Habitat piles

Habitat piles have become an excuse for lazy forestry practice and most importantly a health hazard in the woods

by Michael Smith (Veshengro), RFA, EcoFor

I know that habitat piles, themselves, sound like a disease but it is not, though they can be a pain in the posterior of the professional forester and the agriculturalist concerned with healthy trees.

The idea of the habitat piles, leaving forest debris in the woods, came from misguided environmentalists and the practice was forced upon woodland managers, foresters and those responsible for woodlands in parks by said misguided people. They claimed and still claim that such piles are good for the environment and wildlife. The fact, however, is that neither is the case.

Habitat piles are not only not all that beneficial to the environment and wildlife, they are in fact a threat to the woods and to the global climate.

In the first instance, the threat to the woods, they are, as said, a hazard to tree health, as they harbor all kinds of dangerous pathogens and also dangerous fungi that attack standing living trees.

In the second case the fact that the wood in those so-called habitat piles decays and by doing so releases two greenhouse gases of which one if CO2 and the other methane. The latter is a gas that is reckoned to be many times more dangerous to the climate than is even CO2 and this is where the piles again are not beneficial at all.
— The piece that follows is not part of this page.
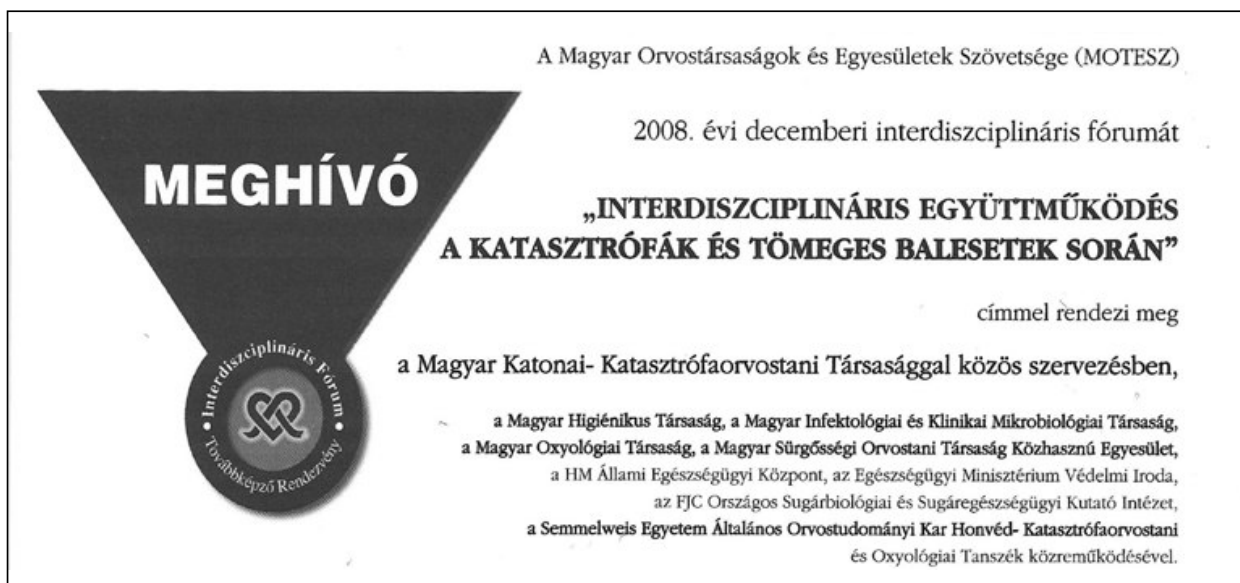
11. ábra. Az Interdiszciplináris Fórum meghívója, 2008

Therefore the habit of habitat piles – pardon the slight pun – should be ceased forthwith, and the the Forestry Commission also appears to agree with this and appears to, in fact, call for the very cessation of this practice. This cannot come soon enough and a great majority of the not too old piles should be removed as well before they do any more damage.

However, this practice has now become widespread even among woodsmen and foresters believing, having been more or less brainwashed, that they do good for the environment, in that they leave almost every pile of branches as habitat piles. It is so much easier also rather than having to burn the stuff or do anything else with them and it amounts to nothing more now as lazy forestry practice in the guise of environmentalism.
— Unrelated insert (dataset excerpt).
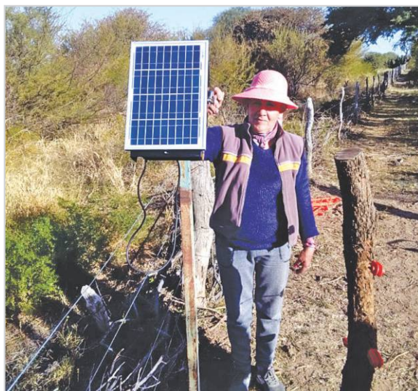
Revisión de boyero eléctrico.

Properly created habitat piles are of use but not the heaps of branches thrown higgledy-piggledy together and left in the woods. They should be created with care and ideally be logs set into the ground in a fashion. All else is just a pretense and rubbish, and also, as said, lazy woodland- and forestry management practice.

In years past, before the idea of habitat piles, woodlands and forests generally had a “clean floor” policy, which means that all debris from thinning and felling was either burned on site or made use of in one way or the other.
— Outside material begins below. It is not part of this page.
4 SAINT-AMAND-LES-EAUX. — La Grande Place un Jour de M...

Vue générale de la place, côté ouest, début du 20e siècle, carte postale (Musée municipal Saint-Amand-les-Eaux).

Very little in the way of debris and even fallen dead branches were left laying. Fallen branches belonged to the estovers who had the right to collect firewood, including by hook and by crook, from woods and commons. Still, however, the woods thrived and so did the wildlife, from invertebrates to fungi and everything in between.

In those days of old when there was the “clean floor” policy there were also fewer diseases in the woodlands and forests that there are today. Could this, just maybe, have something to do with that practice?